> **Extracted data**:

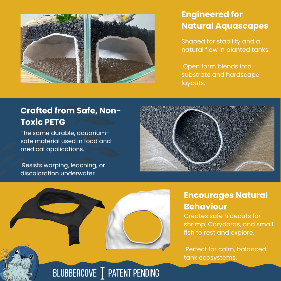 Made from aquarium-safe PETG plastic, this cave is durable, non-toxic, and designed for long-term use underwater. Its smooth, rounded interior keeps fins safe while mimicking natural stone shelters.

--

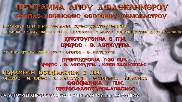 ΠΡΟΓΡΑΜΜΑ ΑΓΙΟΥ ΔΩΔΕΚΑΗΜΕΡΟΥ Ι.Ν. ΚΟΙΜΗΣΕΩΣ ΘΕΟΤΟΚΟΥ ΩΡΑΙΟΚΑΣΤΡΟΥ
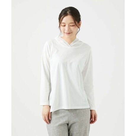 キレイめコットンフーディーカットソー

> **Try it**: Give again the stretch of lines above from the one with "ΠΡΟΓΡΑΜΜΑ ΑΓΙΟΥ ΔΩΔΕΚΑΗΜΕΡΟΥ" through the one with "キレイめコットンフーディーカットソー", both ends kept, and copy no pictures.

> **Written solution**:
 ΠΡΟΓΡΑΜΜΑ ΑΓΙΟΥ ΔΩΔΕΚΑΗΜΕΡΟΥ Ι.Ν. ΚΟΙΜΗΣΕΩΣ ΘΕΟΤΟΚΟΥ ΩΡΑΙΟΚΑΣΤΡΟΥ
 キレイめコットンフーディーカットソー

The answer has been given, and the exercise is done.